Coba kita simak salah satu komentar Facebook di dinding “BOIKOT PAJAK
untuk KEADILAN : “ap kata dunia….. bila golongan III A saja sudah punya beberapa
rumah mewah (mungkin di beberapa Kota), beberapa apartemen mewah, 4 rumah di
Singapura, beberapa mobil mewah, pasti Kasubienya… Kasie lebih lagi, kasuditnya
hooo…hoo… lebih banyak, direkturnya….. juga lebih lebih buaanyaaaaaaaak lagi,….

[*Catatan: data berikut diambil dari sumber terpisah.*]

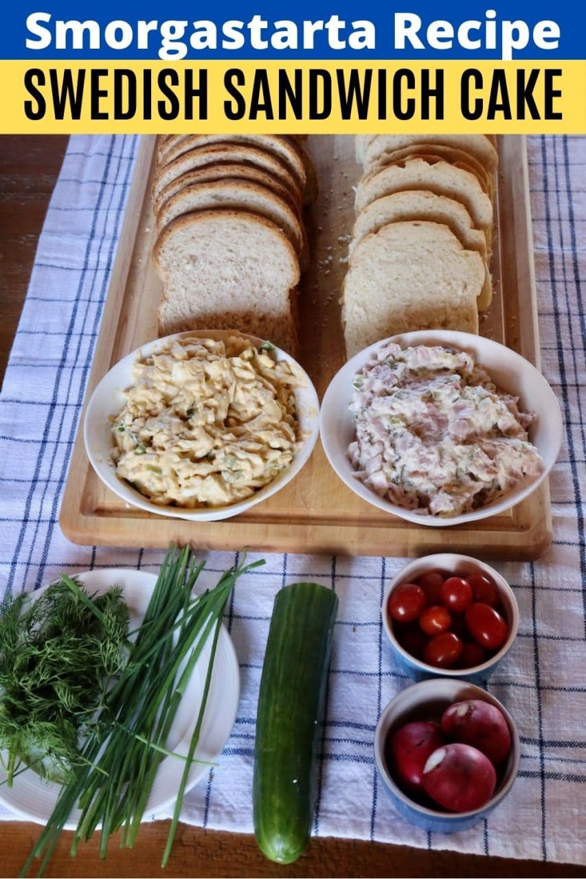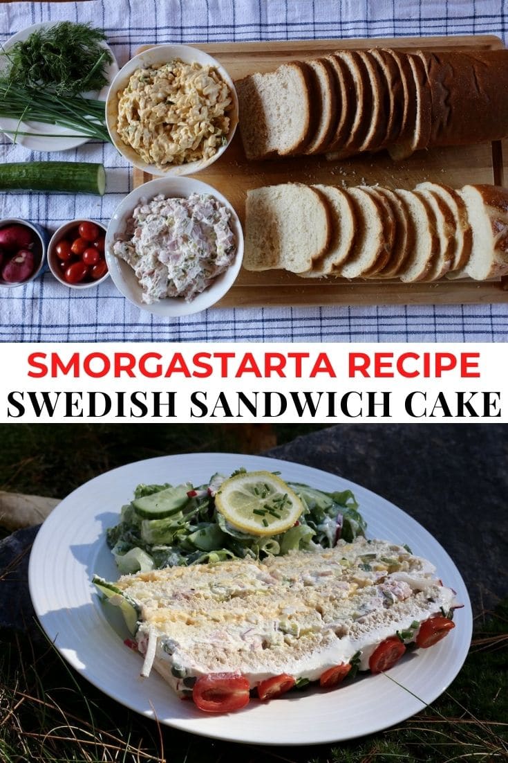 - Some Swedish Sandwich Cake recipes use circular loaves like a traditional rye or pumpernickel loaf. If you opt for these loaves you simply need to take a bread knife and cut around the loaf to create a cake shape. Finish by slicing through the loaf so you have several circular bread slices to layer the Sandwich Cake.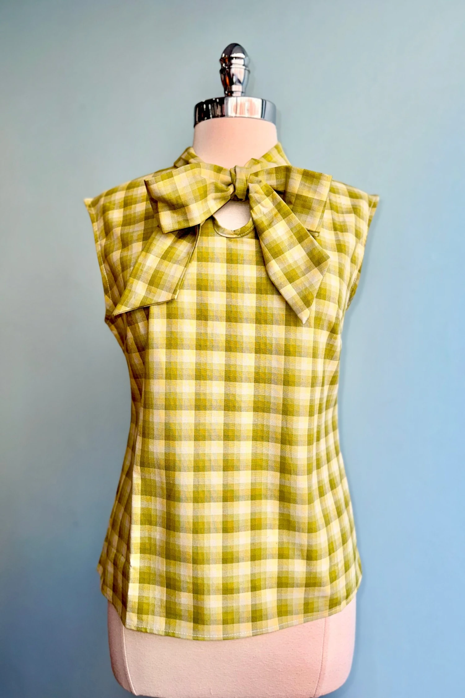 A sleeveless bow top in green, yellow, and white plaid with an adjustable tie at the neck and keyhole opening. Made of 100% cotton and zips up the side.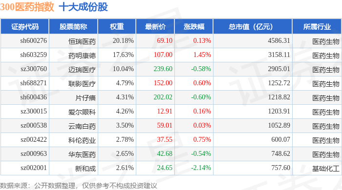 300医药(399913)指数十大成份股详情如下: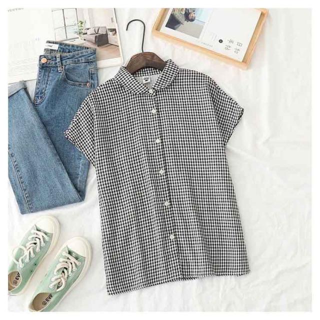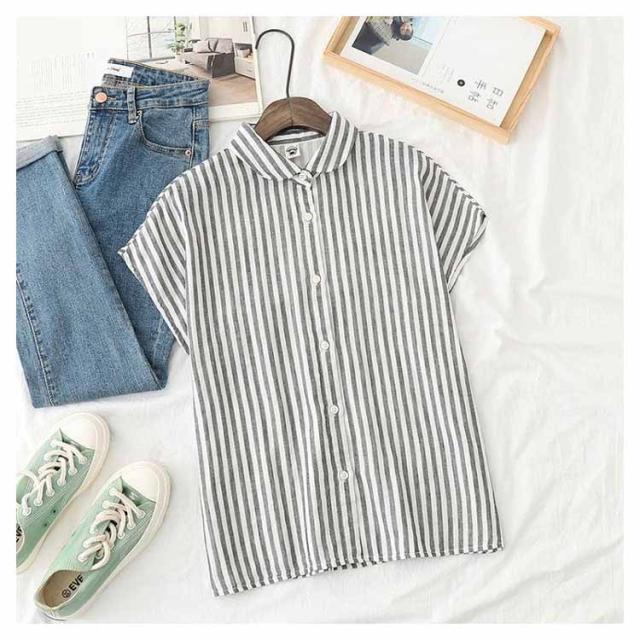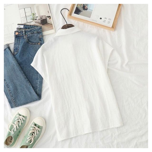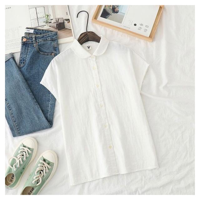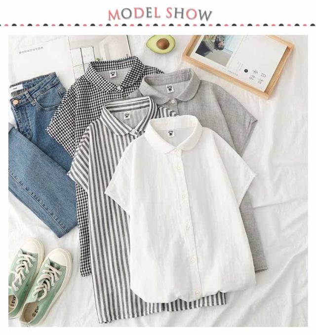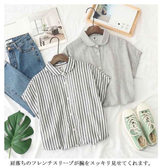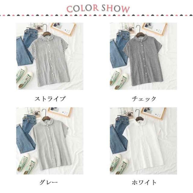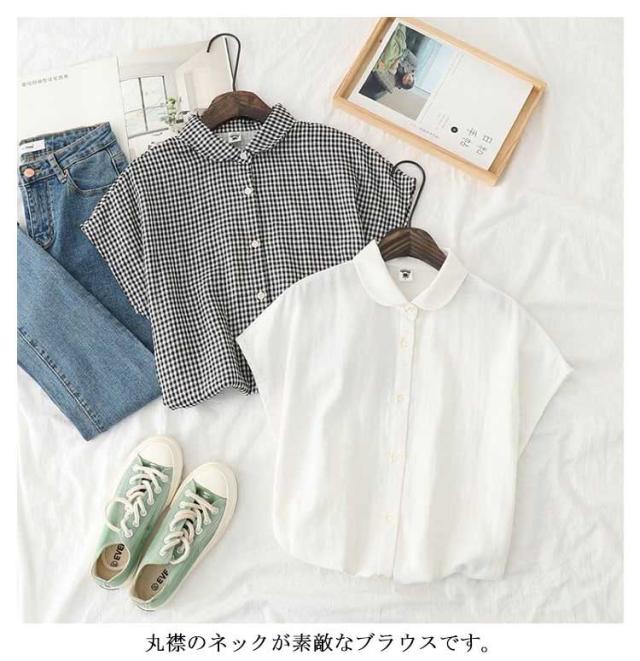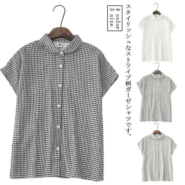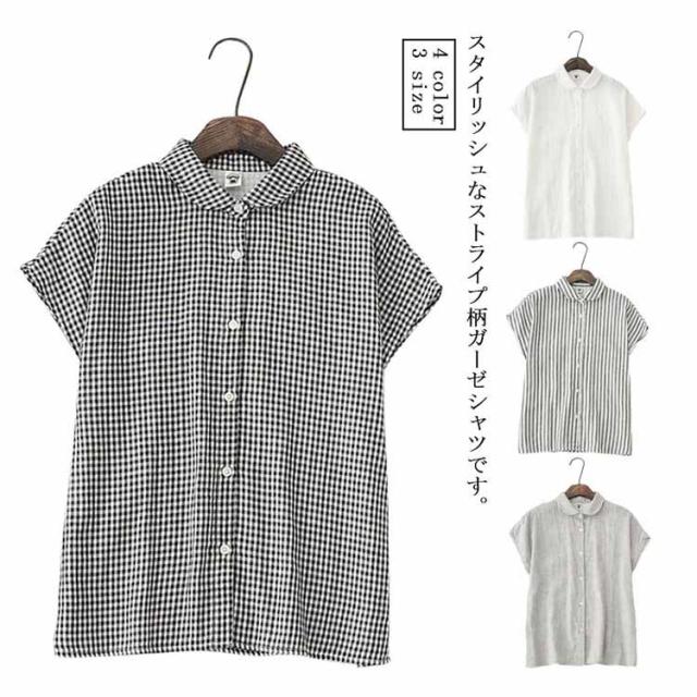 白シャツ レディース ブラウス 丸襟 トップス ストライプ チェック フレンチスリーブ 無地 コットン100% シャツ S M L 30代 40代 50代 女性用 ガーゼ トップス

Setditjennya…. Hampir sama direktur…. Dirjennya gimana yach,… ngebayanginya,
……… walah,.. walah walah .. menterinya udah nnggak kebayang lagi…….. (ya allah
semoga ini tidak benar…. Rusak lah Negara & Pemimpinnya….)”
Moto dari gerakan ini adalah” Gerakan Pembangkangan Nasioanal Terhadap
Pengelola Negara. Tolak Pajak untuk kemewahan dan Kepentingan Pejabat”. Dari Moto
tersebut cukup jelas bahwa masyarakat sudah Sangat muak dengan tingkah polah para
petugas pajak yang dengan giatnya menagih pajak dari masyarkat namun disisi lain
banyak juga petugas pajak yang menyeleewengkan untuk kepentingan pribadi.